Her fırsatta Müslümanların alay edecek bir açığını arayan müşriklerden biri, Selmân-ı Fârisî’ye (r.a) alaycı bir üslûpla, “Peygamberinizin size her şeyi, hatta abdest bozmayı bile öğrettiğini görüyorum.” demişti. Kendince küçümsüyordu bu durumu. Oysa Selmân-ı Farisî (r.a) rencide olmadı. Aksine bu alaycı tavra büyük bir ciddiyetle karşılık verdi: “Evet, O (a.s), büyük ve küçük abdest bozarken kıbleye doğru dönmemizi, sağ el ile taharetlenmemizi, taharet için neleri kullanıp kullanmamız gerektiğini dahi bizlere öğretmiştir.”

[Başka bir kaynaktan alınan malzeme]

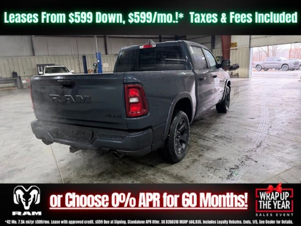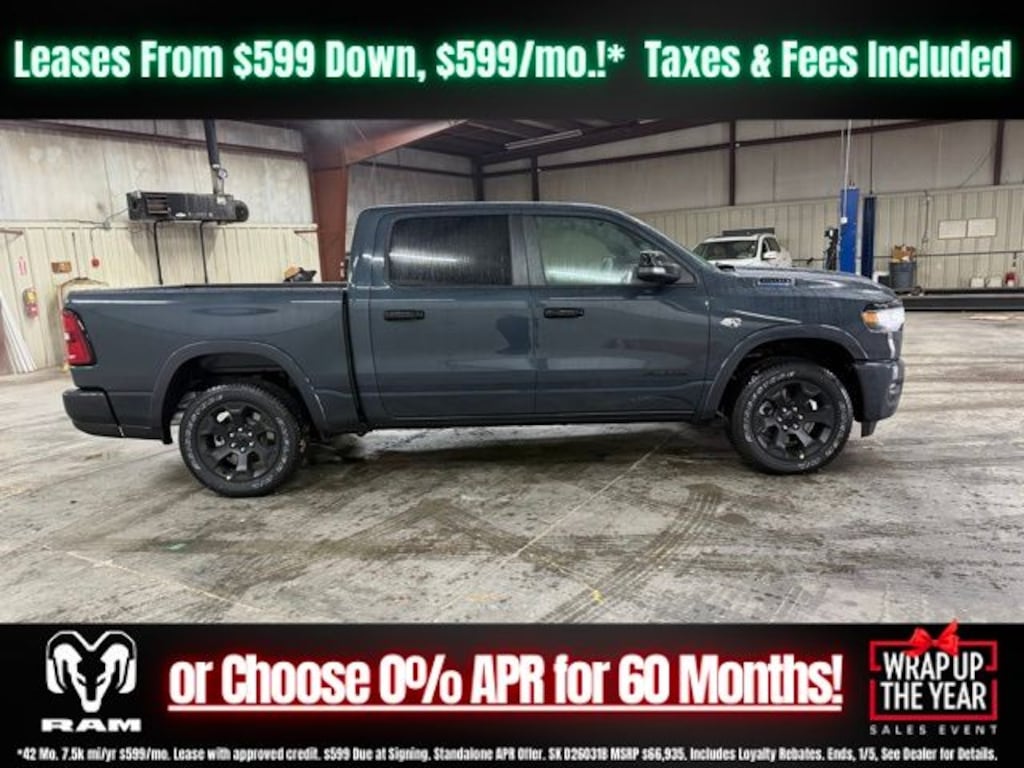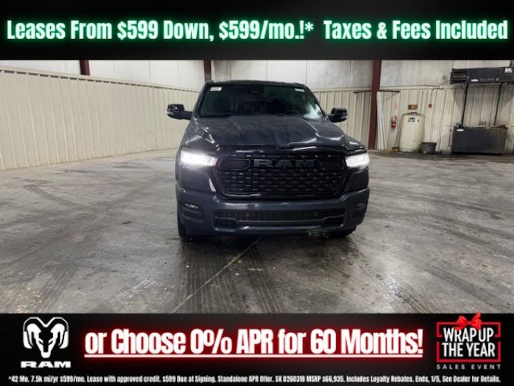 Forged Blue Metallic 2026 Ram 1500 Big Horn/Lone Star 4WD 8-Speed Automatic HEMI 5.7L V8 Multi Displacement VVT eTorque Save Time at the Dealership by Customizing your Deal Online!, 115V Auxiliary Power Outlet, 115V Auxiliary Rear Power Outlet, 12" Touchscreen Display, 2nd Row in Floor Storage Bins, 3 Rear Seat Head Restraints, 33 Gallon Fuel Tank, 4 Way Front Headrests, 4-Wheel Disc Brakes, 400W Inverter, 48V Belt Starter Generator, 4G LTE Wi-Fi Hot Spot, 6 Speakers, 9 Amplified Speakers with Subwoofer, ABS brakes, Accent Color Door Handles, Accent Color Premium Power Mirrors, Accent Color Tailgate Handle, Air Conditioning, Air Conditioning ATC with Dual Zone Control, Alloy wheels, AM/FM radio, Anti-Spin Differential Rear Axle, Apple CarPlay, Apple CarPlay/Android Auto, Auto High-beam Headlights, Auto Power-Folding Mirrors, Auto-Dimming Exterior Driver Mirror, Auto-Dimming Rear-View Mirror, Big Horn Level 2 Equipment Group, Black Exterior Mirrors, Black Exterior Truck Badging, Black Headlamp Bezels, Black Interior Accents, Black Painted Exterior Mirrors Caps, Black Premium Power Mirrors, Black Tail Lamp Bezels, Body Color Fender Flares, Body Color Front Bumper, Body Color Rear Bumper with Step Pads, Brake assist, Bucket Seats, Bumpers: chrome, Center Console Parts Module, Cloth Bucket Seats, Cluster 7.0" TFT Color Display, Compass, Configurable Drive Mode, Connected Travel and Traffic Services, Connectivity - US/Canada, Convex Wide-Angle Exterior Mirror Insert, Delay-off headlights, Deluxe Cloth Bucket Seats, Disassociated Touchscreen Display, Driver door bin, Dual Exhaust with Black Tips, Dual front impact airbags, Dual front side impact airbags, Electronic Stability Control, Exterior Mirrors Courtesy Lamps, Exterior Mirrors with Heating Element, Exterior Mirrors with Supplemental Signals, Front anti-roll bar, Front Bucket Seats, Front Center Armrest w/Storage, Front fog lights, Front License Plate Bracket, Front reading lights, Front Seat Back Map Pockets, Front wheel independent suspension, Full Length Floor Console, Fully automatic headlights, Global Telematics Box Module, Glove Box Lamp, Google Android Auto, GPS Antenna Input, GPS Navigation, Grille Black Surround Black Mesh, HD Radio, Heated door mirrors, Heated Front Seats, Heated Steering Wheel, Illuminated entry, Integrated Center Stack Radio, Integrated Voice Command with Bluetooth, Leather Wrapped Steering Wheel, LED Dome Lamp with on/Off Switch, LED Footwell Lighting, Low tire pressure warning, Manual Adjust 4-Way Driver Seat, Manual Adjust 4-Way Front Passenger Seat, Manual Folding Exterior Mirrors, Media Hub with 2 Charge Only USBs, MOPAR Front and Rear Rubber Floor Mats, Night Edition, Occupant sensing airbag, Outside temperature display, Overhead airbag, Overhead console, Overhead LED Lamps, Panic alarm, ParkView Rear Back-Up Camera, Passenger door bin, Passenger vanity mirror, Power 2-Way Driver Lumbar Adjust, Power Adjust 8-Way Driver Seat, Power Adjustable Pedals, Power door mirrors, Power steering, Power windows, Premium Overhead Console, Quick Order Package 27Z Big Horn, Radio data system, Radio: Uconnect 5 Navigation with 12.0" Display, Radio: Uconnect 5 W with 8.4" Display, RAM Grille Badge - Black, RAM Grille Badge - Chrome, Rear 60/40 Folding Seat, Rear anti-roll bar, Rear Center Armrest, Rear Power Sliding Window, Rear step bumper, Rear Window Defroster, Remote keyless entry, Remote Tailgate Release, Security Alarm, SiriusXM Radio Service, SiriusXM with 360L, Speed control, Steering Wheel Mounted Audio Controls, Sun Visors with Illuminated Vanity Mirrors, Supplier Part Tracking (J-1), Tachometer, Telescoping steering wheel, Tilt steering wheel, Traction control, Trailer Brake Control, Trip computer, Universal Garage Door Opener, USB Host Flip, Variably intermittent wipers, Voltmeter, Wheels: 20" x 9.0" Aluminum Painted Clad.

Bu kadar ayrıntılı bir şekilde bize hayatı nasıl yaşayacağımızı öğreten bir dine sahip olduğumuzu unutmamalıyız. Bu minvalde örneklerden birkaç tanesini zikredeceğiz

Sabah uyandığımızda “Bizi öldükten sonra dirilten Allah’a hamdolsun. Yeniden diriltip huzurunda toplayacak olan da O’dur” duası,

Aynaya baktığımızda “Allah’ım! Yaratılışımı güzelleştirdiğin gibi ahlakımı da güzelleştir.” duası,

Evden çıkarken yapılacak dua “Allah’ım senin adınla çıkıyorum, sana güveniyorum. Allah’ım sapmaktan, saptırılmaktan, ayağımın kaymasından ve başkasının ayağını kaydırmaktan, haksızlık yapmaktan, haksızlığa uğramaktan, cahilce davranmaktan ve cahillerin davranışlarına muhatap olmaktan Sana sığınırım.” duası, Bir mekâna girip çıkarken selam vermemiz ve ahlaka münasip davranmamız gibi gün boyu bu şekildeki gündelik-basit davranışları daha dikkatli ve şuurlu şekilde yaparsak Rabbimizi tanıyıp hakiki kulluk vazifemizi yerine getirme yolunda birkaç adım atabileceğimizi unutmayalım.


[1] Zâriyât, 51/56

[2] İbadetlerimizin ilmi birikimimiz ile önem kazanacağına dair şu hadis-i şerif zikredilebilir:

Bir defasında sahabe-i kirâm, Rasûlullah (s.a.v) Efendimiz’e:

−Yâ Rasûlallah! Amellerin hangisi daha faziletlidir? diye sordular. O da:

−Allah’ı bilmektir! buyurdu.

−Hangi amel mertebeyi artırır?” diye sordular. Yine:

−Allah’ı bilmek! buyurdu. Bunun üzerine:

−Yâ Rasûlallah! Biz amelden soruyoruz, Siz ilimden cevap veriyorsunuz!” dediklerinde Rasûlullah (s.a.v):

−Allah’ı bilerek yapılan az amel bile fayda verir. Fakat cehâletle yapılan çok amel bile fayda sağlamaz! buyurdular.